Les projets devront être directement soumis aux délégations (EUDEL) du pays concerné par l’action ou au siège de la Commission européenne (COM) pour des projets de dimension régionale.

Un pré-sélection des projets sera effectuée par EUDEL et par la COM, sur base des critères d’éligibilité suivants:

  1. Être un organisme reconnu selon le règlement du FED ou des instruments de l’action extérieure de l’UE (art.9 acte constitutif). Les agences d’exécution nationale (p.e. la Coopération technique belge) les organisations multilatérales et les ONG sont éligibles.
  2. L’action s’inscrit dans un axe prioritaire du plan d’Action de la Valette et/ou dans l’un des domaines d’intervention de la stratégie du Fonds.

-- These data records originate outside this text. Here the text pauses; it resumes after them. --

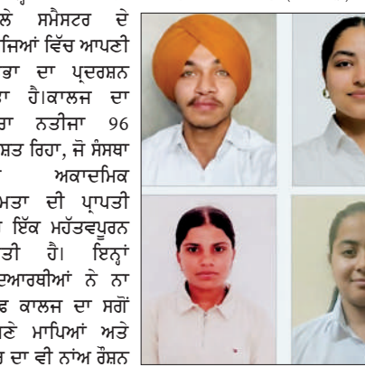
ਗੁਰੂ ਗੋਬਿੰਦ ਸਿੰਘ ਲਾਅ ਕਾਲਜ ਦੇ ਵਿਦਿਆਰਥੀਆਂ ਨੇ ਪੰਜਾਬ ਯੂਨੀਵਰਸਿਟੀ ਚੰਡੀਗੜ੍ਹ ਵੱਲੋਂ ਐਲਾਨੇ ਗਏ ਬੀਏ ਐਲਾਨਬੀ (ਆਨਰਜ਼) ਪਹਿਲੇ ਸੈਮੇਸਟਰ ਦੇ ਨਤੀਜਿਆਂ ਵਿੱਚ ਆਪਣੀ ਪ੍ਰਤਿਭਾ ਦਾ ਪ੍ਰਦਰਸ਼ਨ ਕੀਤਾ ਹੈ।

ਗਿੱਦੜਬਾਗ (ਜਸਵੰਤ ਗਿੱਲ ਛੱਤਿਆਣਾ) ਗੁਰੂ ਗੋਬਿੰਦ ਸਿੰਘ ਲਾਅ ਕਾਲਜ ਦੇ ਵਿਦਿਆਰਥੀਆਂ ਨੇ ਪੰਜਾਬ ਯੂਨੀਵਰਸਿਟੀ ਚੰਡੀਗੜ੍ਹ ਵੱਲੋਂ ਐਲਾਨੇ ਗਏ ਬੀਏ ਐਲਾਨਬੀ (ਆਨਰਜ਼) ਪਹਿਲੇ ਸੈਮੇਸਟਰ ਦੇ ਨਤੀਜਿਆਂ ਵਿੱਚ ਆਪਣੀ ਪ੍ਰਤਿਭਾ ਦਾ ਪ੍ਰਦਰਸ਼ਨ ਕੀਤਾ ਹੈ।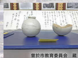
大隈町志柄牧(曾於市)で出土した陶磁器製手榴弾【太平洋戦争】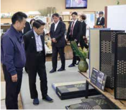
▲(株)イケヒコ・コーポレーションでい製品の見学

その後、道の駅おおきで、きのこのもぎ取り体験や直売所を見学され、最後に、おおき循環センターくるるんで、「住み続けたいと思える持続可能な循環のまち」に向けて町で活躍されている6人の皆さんと意見交換を行いました。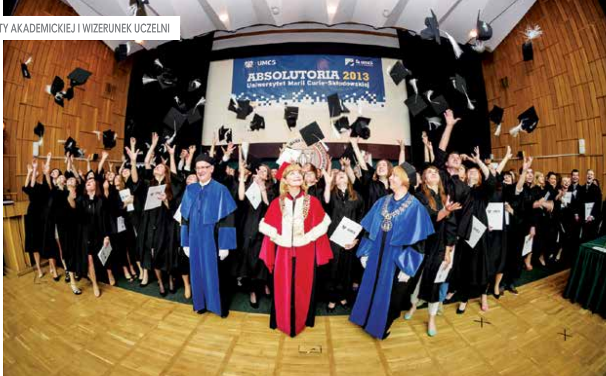
Absolutoria (2013 r.) →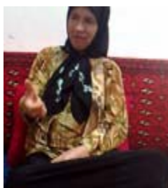
شکل (۹) نشانه‌ی مگنه

(ث) ابزار حرکت جهت نمایش تکرار: در برخی از نشانه‌ها حرکت موجود در مفهوم به صورت مکرر تولید می‌شود تا به عنوان مشخصه‌ای معنایی در بازشناسایی مفهوم به مخاطب یاری کرده باشد. برای نمونه در نشانه‌ی دوچرخه (شکل ۱۰) تکرار حرکت دورانی دست‌ها که نمایش حرکت پاهاست، حکایت از تکرار رکاب زدن در دوچرخه سواری است.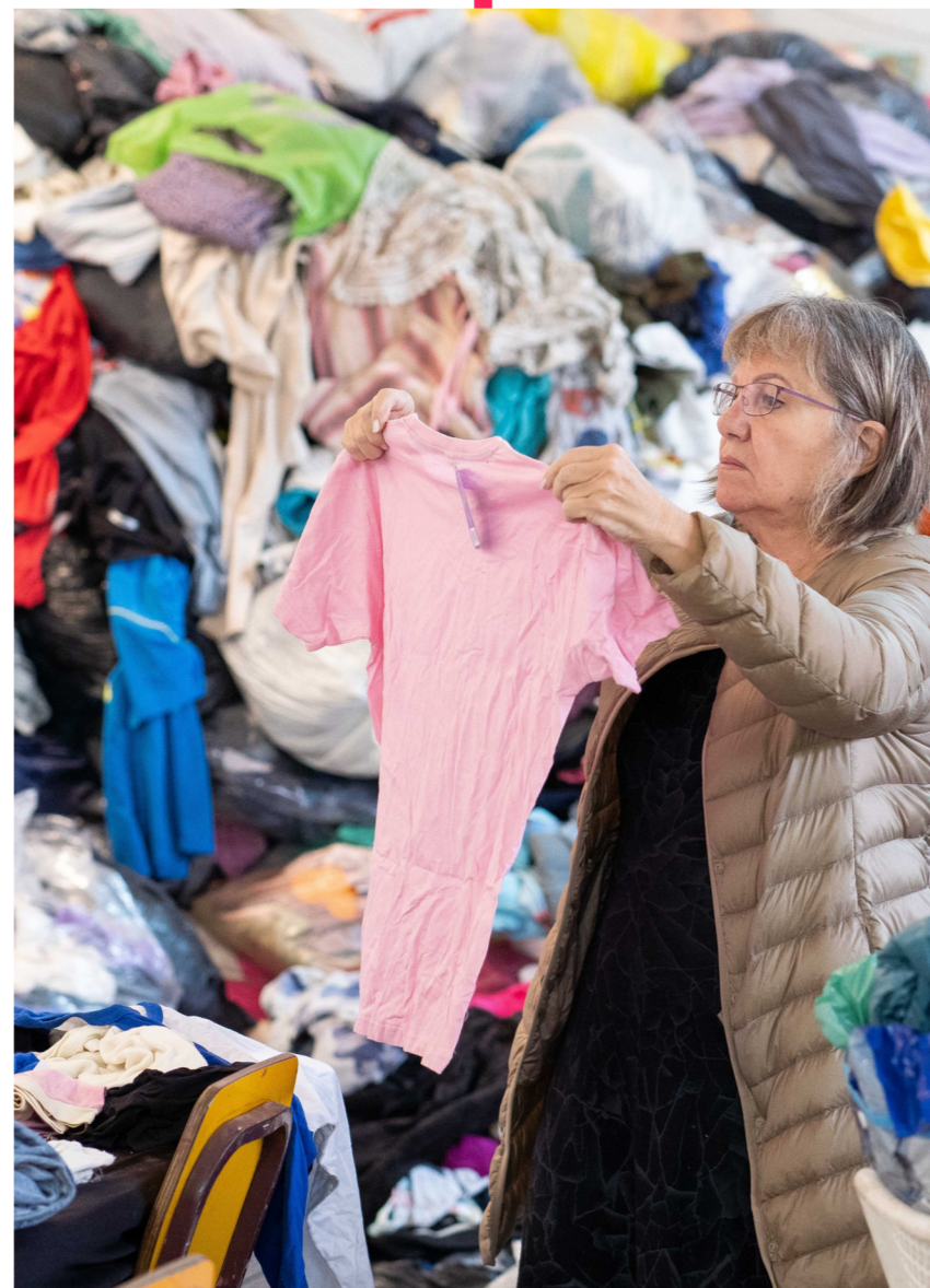
Re-Fresh Global sammelt und bereitet Textilabfälle auf.

Les modalités de mise en œuvre sont : la coopération déléguée, l’appel à manifestation d’intérêt, et l’attribution directe, dans le respect des règles d’audit de la Commission européenne (PAGoDA). Il n’y a pas de règles en matière de co-financement. Les ONG, les Organisations internationales et les Acteurs institutionnels ne soumettent pas de demandes de financement ou de propositions de projets ‘spontanément’. La procédure pour ces acteurs est :

  1. Répondre à un appel à manifestation d’intérêt qui sera publié sur le site de la délégation UE (pour des projets nationaux) et sur le site de DG DEVCO (pour les projets transfrontaliers) ;
  2. L’attribution directe dans des cas exceptionnels où il est avéré que seulement cette organisation dispose de cette expertise dans une région déterminée.

Néanmoins, les réflexions, analyses et expériences de ces acteurs sur les flux, défis et opportunités liés à la migration dans leur région d’expertise reste primordiale pour la mise en œuvre d’actions et pourront aider à encadrer des appels à manifestations d’intérêt. Ces analyses pourront être soumise à la boîte fonctionnelle (EuropeAid-EUTF-AFRICA@ec.europa.eu) ainsi qu’aux délégations (sans logo de l’organisation ni budget).

La responsabilité de la gouvernance est assurée par la participation des Etats Membres de l’UE, des autres donateurs, des Etats partenaires et des organisations régionales. Le Conseil d’administration se réunit une fois par an et définit et révise la stratégie et le Comité opérationnel (CO) sélectionne les projets à mettre en œuvre. Ces comités opérationnels sont organisés par fenêtre géographique (Sahel, Corne de l’Afrique et Nord de l’Afrique) et se réunissent 2 fois par an. Par ailleurs un comité opérationnel général peut être appelé pour le suivi des règles de procédures et des rapports annuels.